Montag, 14. Januar 2019

At the Bedouins



The word "Bedouin" means something like "beginning", says Nedal our host who will walk with us on the next day through a desert valley near Jericho to the Auja Bedouin Camp.

He and his family live in a village near Nablus that is also called "Camp" because it was established after the Arab-Israeli-war of 1948 as a camp for the refugees. They had fled from the war in the coastal region which is now part of Israel. 

Nedal’s children have secretly prepared a celebration for my 70th birthday and they set the beginning to the night before my birthday "originally" begins. The lunar calendar of Muslims and Jews sees the beginning of a day already at sunset, not at midnight.
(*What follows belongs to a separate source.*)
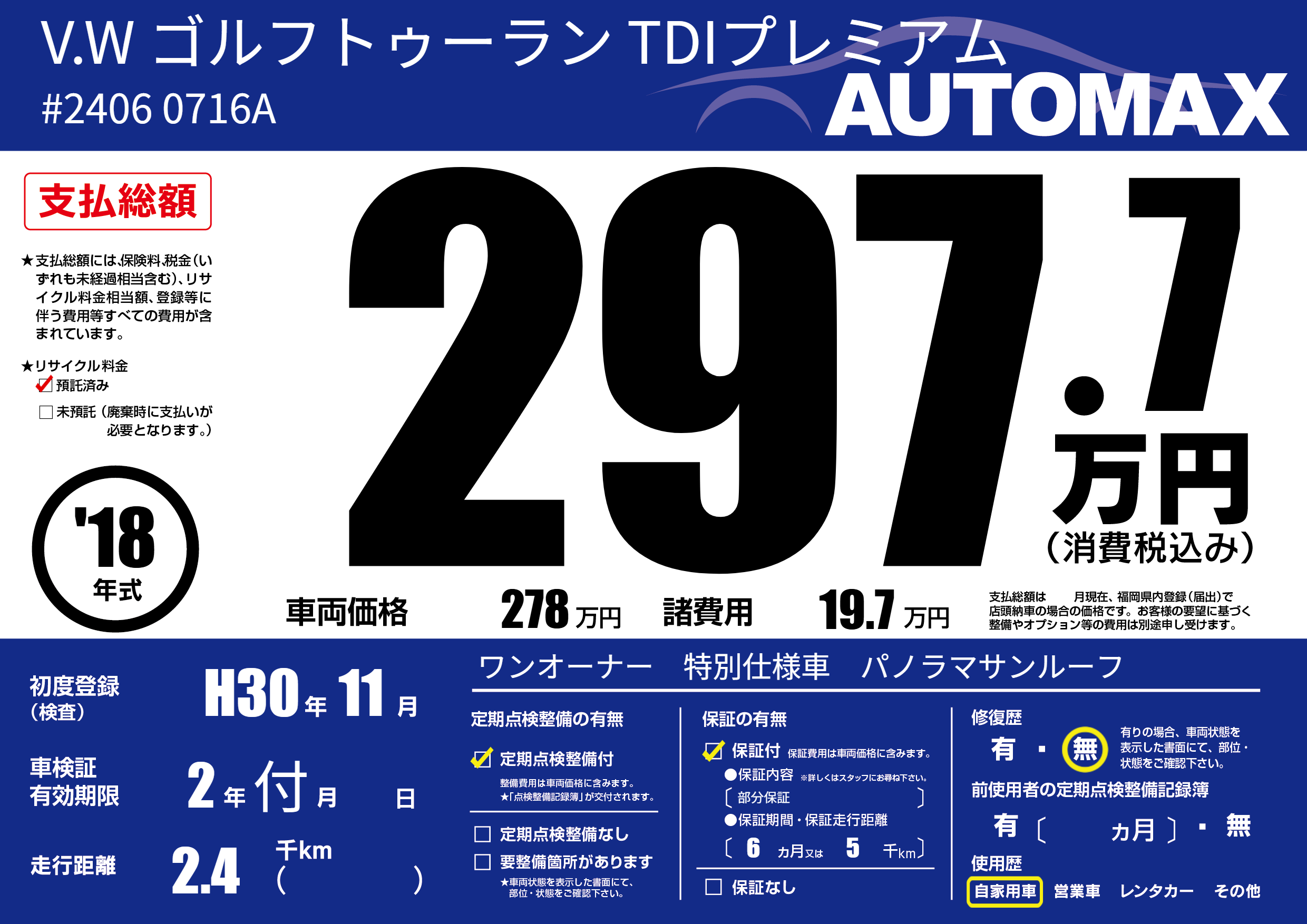 | 車名 | V.W ゴルフトゥーラン TDIプレミアム | グレード ミッション 排気量 |
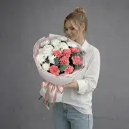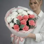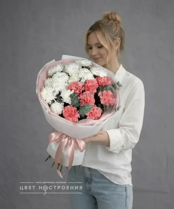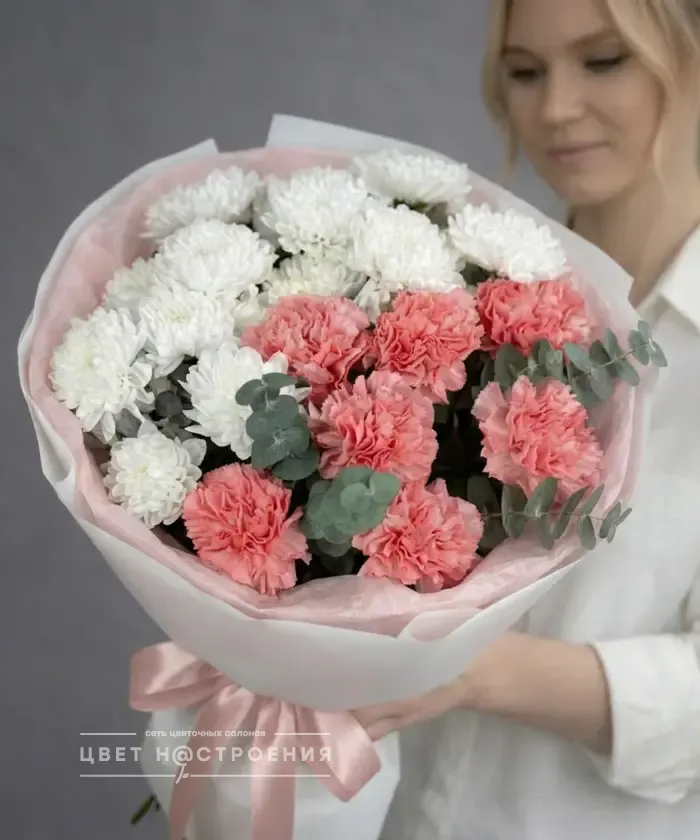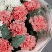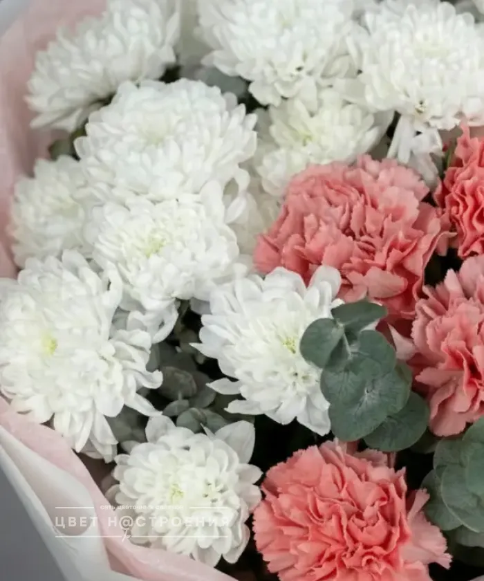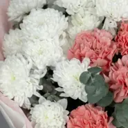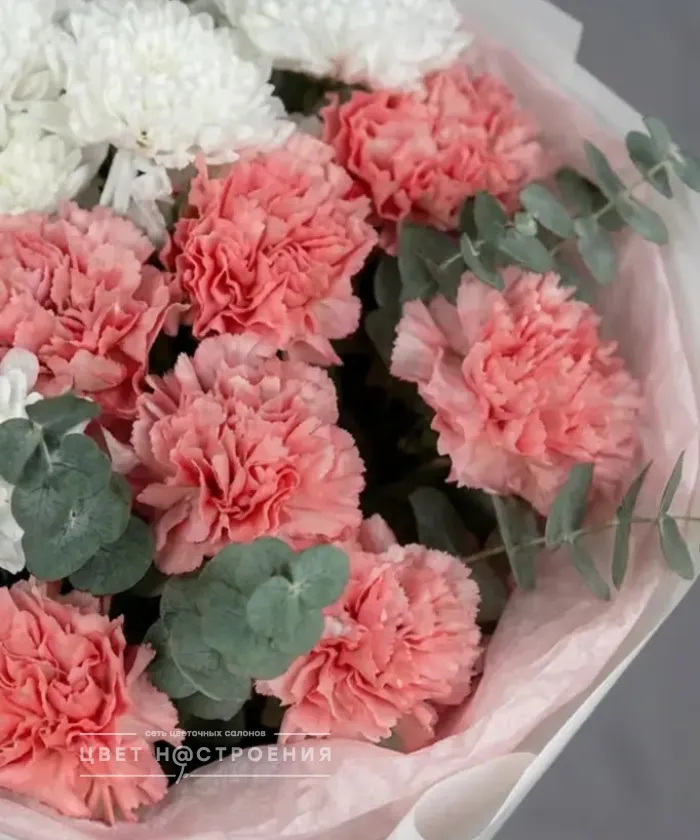 Букет «Свежий взгляд» порадует вас ярким сочетанием гвоздик и кустовых хризантем, гармонично дополненных свежим эвкалиптом. Стильная упаковка и аккуратная лента делают этот букет идеальным подарком для любого случая. Создайте атмосферу уюта и радости с этим свежим и элегантным цветочным composite.

The three school girls lead me into the living room, light a table firework, present me a big cake and begin to sing and dance. When I object that it is still too early for my birthday they stress firmly that we are now under the rules of a lunar calendar. I give in - and are glad to gain a second night for celebration. 

70 years ago Nedal’s Camp was a mere tent-site, hastily constructed after what is remembered as the Naqba, the disaster in the Arab memory and what is remembered as the founding of their State in the memory of the Jews. 

Israel’s independence was declared in May 1948. That was about the time when my mother told my father that she was pregnant for the first time. So, the history of Nedal’s Camp and my life are oddly intertwined.

On the next day the way through the desert is blocked in an unusual way. It has rained and the canyon is full of water. So instead of taking the regular way through the canyon we decide to walk over the round hilltops of the area. That gives us, once the rain has stopped and the sun comes out, a brilliant view over the Jordan Valley and into King Abdullah's country of Jordan on the other side. 

A rainbow appears, one foot in the valley and one foot in the hills, and reminds, us of the life-protecting covenant between God and men. I had a lot of protection in my life and I am thankful to have this brilliant reminder today.

Later in the camp we meet our host, the bedouin Ali and his family. They own a big square tent with a concrete floor where they give hikers on the Abraham Path bed and food. They have prepared a special meal for my group consisting of layers of chicken meat and vegetables, prepared over an open fire in a round hole in the ground.

Songs are sang, speeches are hold, fairytales are told, all to honor my birthday. In the end Ali wraps my head in a red cotton Keffiyeh, the traditional Arabic headdress.

I am a Bedouin now, I am back to the beginning. But I am - without sadness - aware that it is the beginning of the end of my life.